In the entries below, find the line containing "A PAIR OF CHINESE" and the line containing "Kim在会谈中表示,晶澳科技". Copy those two lines and everything between them exactly, and only that.

** Data in this exercise follows **

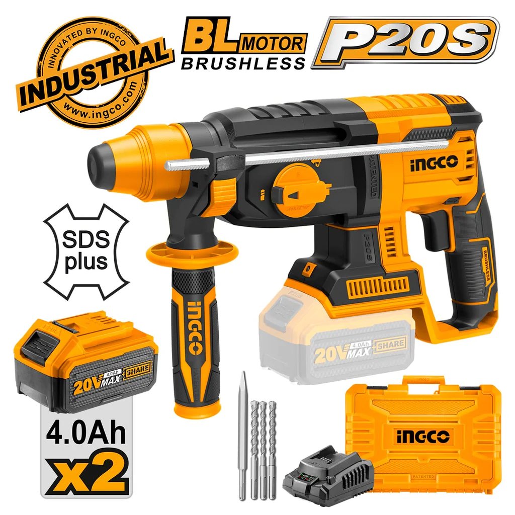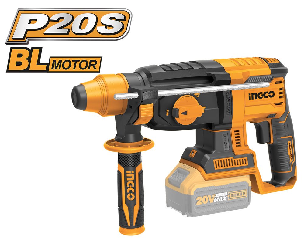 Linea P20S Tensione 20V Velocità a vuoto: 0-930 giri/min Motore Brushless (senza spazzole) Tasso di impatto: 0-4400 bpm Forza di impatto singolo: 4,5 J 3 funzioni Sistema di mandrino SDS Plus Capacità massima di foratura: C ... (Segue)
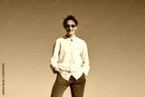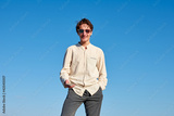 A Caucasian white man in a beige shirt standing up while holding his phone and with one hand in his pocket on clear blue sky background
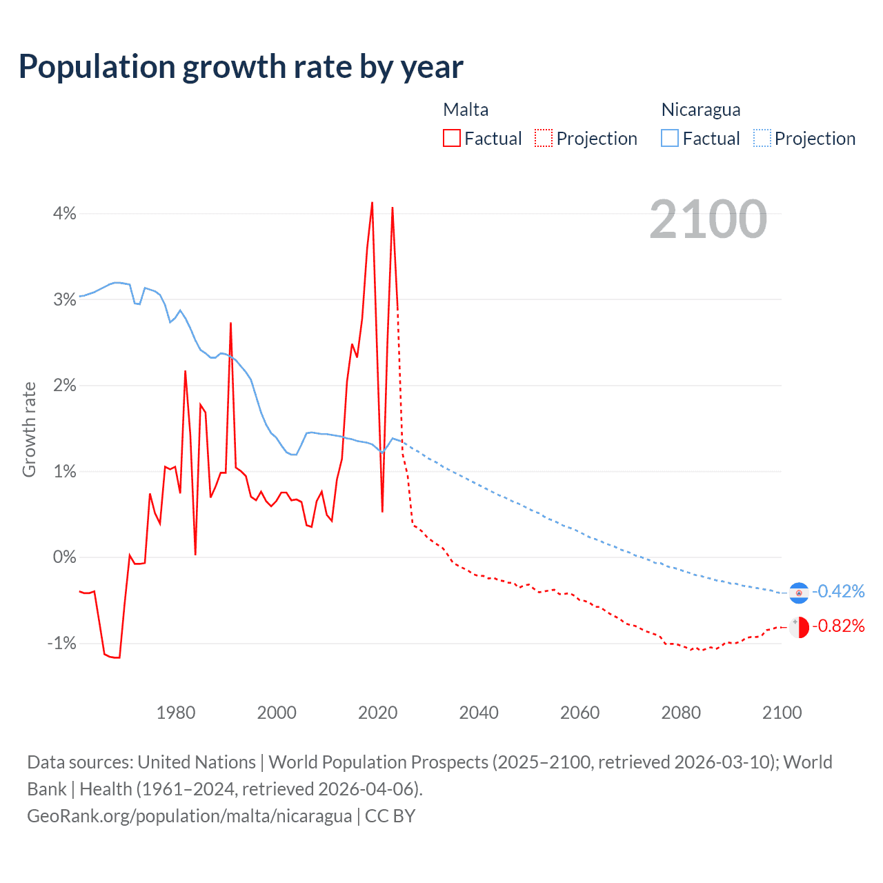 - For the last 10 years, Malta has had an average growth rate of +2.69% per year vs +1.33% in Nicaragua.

** End of Data in this exercise **
** Data in this exercise follows **

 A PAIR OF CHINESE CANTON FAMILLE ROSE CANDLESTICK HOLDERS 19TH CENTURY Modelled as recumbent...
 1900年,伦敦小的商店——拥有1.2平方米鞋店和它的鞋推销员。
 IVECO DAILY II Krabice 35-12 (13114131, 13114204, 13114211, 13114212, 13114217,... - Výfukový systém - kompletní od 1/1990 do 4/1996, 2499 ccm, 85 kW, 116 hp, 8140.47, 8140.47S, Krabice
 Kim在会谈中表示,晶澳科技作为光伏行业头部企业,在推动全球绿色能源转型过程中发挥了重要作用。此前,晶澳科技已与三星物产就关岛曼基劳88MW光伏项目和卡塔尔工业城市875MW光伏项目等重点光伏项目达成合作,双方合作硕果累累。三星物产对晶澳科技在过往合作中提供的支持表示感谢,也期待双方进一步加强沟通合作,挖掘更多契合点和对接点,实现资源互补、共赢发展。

** End of Data in this exercise **

- Solution to the problem -
 A PAIR OF CHINESE CANTON FAMILLE ROSE CANDLESTICK HOLDERS 19TH CENTURY Modelled as recumbent...
 1900年,伦敦小的商店——拥有1.2平方米鞋店和它的鞋推销员。
 IVECO DAILY II Krabice 35-12 (13114131, 13114204, 13114211, 13114212, 13114217,... - Výfukový systém - kompletní od 1/1990 do 4/1996, 2499 ccm, 85 kW, 116 hp, 8140.47, 8140.47S, Krabice
 Kim在会谈中表示,晶澳科技作为光伏行业头部企业,在推动全球绿色能源转型过程中发挥了重要作用。此前,晶澳科技已与三星物产就关岛曼基劳88MW光伏项目和卡塔尔工业城市875MW光伏项目等重点光伏项目达成合作,双方合作硕果累累。三星物产对晶澳科技在过往合作中提供的支持表示感谢,也期待双方进一步加强沟通合作,挖掘更多契合点和对接点,实现资源互补、共赢发展。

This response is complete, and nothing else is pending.